On Monday, Democrats in the House of Representatives introduced the Justice in Policing Act of 2020.
The bill contains measures that, if passed into law, would make it easier to prosecute police misconduct and demilitarize police departments around the country. It also would change the legal standard in such lawsuits so that plaintiffs would only have to show that the police acted “recklessly” rather than “willfully.” Finally, it would end the qualified immunity that shields officers from lawsuits.
These reforms are important and it would be good if they were signed into law because they would help hold police accountable for their actions. But another pathway to reform is to start from the beginning and change guidelines under which police are authorized to use lethal force in the first place.
Under current law, police may use lethal force when neither their life nor the lives of others are in danger. In this way, they are given leeway well beyond what is accorded to private citizens.
The key case in granting them that leeway dates to 1985 when a police officer in Memphis, Tennessee killed Eric Garner (no relation to the Eric Garner who died in 2014 in New York City at the hands of the police). That Garner was an unarmed, black 15-year-old child. After being told to halt by police, he continued to run from the backyard of a house he was suspected of burglarizing. He was shot and killed.
Subsequently Eric’s father sued, claiming that the police shooting constituted an unreasonable seizure and violated his son’s Fourth Amendment rights.
When his suit reached the Supreme Court, the justices went back to the common law to understand the origins of the regulation of police use of lethal force. They determined that the original rationale was antiquated. It allowed police to kill fleeing felons because, at the time, most felonies were capital crimes.
The Supreme Court held that in order for police use of force to pass constitutional muster it must be “objectively reasonable.” It said that such force may not be used to apprehend suspects unless it is “necessary to prevent the escape and the officer has probable cause to believe that the suspect poses a significant threat of death or serious physical injury to the officer or others.”
The justices determined that the officer who shot Garner could not reasonably have believed that a young, slight, and unarmed person posed any threat. And, even if he had such a belief, “It is not better,” as Justice White wrote in his majority opinion, “that all felony suspects die than that they escape.”
Yet the Court gave little guidance about what might constitute a “reasonable” use of lethal force. It said only that “if the suspect threatens the officer with a weapon or there is probable cause to believe that he has committed a crime involving the infliction or threatened infliction of serious physical harm, deadly force may be used.”
Referencing the probable cause standard did little to restrict police. It simply restated the reasonableness standard using other language, without clarifying how a police officer would determine, in an instant, whether or not a suspect posed a “significant threat” of death or injury.

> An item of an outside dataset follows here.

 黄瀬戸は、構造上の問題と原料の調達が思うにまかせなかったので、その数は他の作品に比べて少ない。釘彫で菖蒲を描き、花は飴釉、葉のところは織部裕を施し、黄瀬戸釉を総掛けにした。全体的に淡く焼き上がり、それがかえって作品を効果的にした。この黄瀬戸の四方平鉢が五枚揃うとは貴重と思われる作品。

Moreover, the Court’s reference to a “significant threat” was a major departure from the legal standards governing the use of lethal force by private citizens in self-defense situations. For ordinary citizens, the law of self-defense requires that a threat be imminent or immediate.

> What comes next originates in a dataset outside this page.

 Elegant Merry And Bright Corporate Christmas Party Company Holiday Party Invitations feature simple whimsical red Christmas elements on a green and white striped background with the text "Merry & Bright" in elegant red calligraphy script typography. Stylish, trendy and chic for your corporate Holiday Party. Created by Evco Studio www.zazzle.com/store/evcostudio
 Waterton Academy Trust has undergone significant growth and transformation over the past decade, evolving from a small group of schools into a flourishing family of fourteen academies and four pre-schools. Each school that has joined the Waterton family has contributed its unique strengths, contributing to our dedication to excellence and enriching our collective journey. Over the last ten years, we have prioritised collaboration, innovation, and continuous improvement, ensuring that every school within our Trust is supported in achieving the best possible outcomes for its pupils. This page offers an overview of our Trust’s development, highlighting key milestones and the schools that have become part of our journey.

Four years after Garner, in Graham v. Connor, the Supreme Court extended the reach of the Fourth Amendment to cover all excessive force cases. Graham, a black man who was diabetic and suffering from the effects of low blood sugar, was beaten by police officers who claimed he was drunk and threatening them. The Court again relied on the “objective reasonableness” standard as the key to defining the conditions under which the police could use force.
But in Graham the Court further opened the door to police violence by saying that the
“reasonableness” of a particular use of force must be judged from the perspective of a reasonable officer on the scene, and its calculus must embody an allowance for the fact that police officers are often forced to make split-second decisions about the amount of force necessary in a particular situation.
That “allowance” has played a key role in exonerating police in criminal prosecutions regarding the use of excessive force and the death of suspects.
The Court relied on this allowance again in 2014 when it determined that it was reasonable for police officers to shoot 15 rounds during an automobile chase that exceeded 100 miles per hour. As Justice Alito put it “In light of the circumstances…it is beyond serious dispute that the flight posed a grave public safety risk, and…the police acted reasonably in using deadly force to end that risk.”
Today, 35 years after Garner, the reasonableness standard and its accompanying allowances are still in place. But by now Americans should have learned that the police perception of “significant threats,” and the allowance that the Court affords them, are filtered through a racial lens and have resulted in a great deal of unreasonable police misconduct.
In light of the Floyd tragedy and countless other killings of unarmed African-Americans, Congress should not only make suing wayward police officers easier. It also should create incentives for states and localities to severely limit police authority to shoot citizens.
It is also time for the Supreme Court to recognize that the objective reasonableness standard is inadequate.
The Court should revisit Garner, end the allowance it has provided police, and restrict police use of lethal force to situations when their life or the lives of others are in imminent or immediate danger.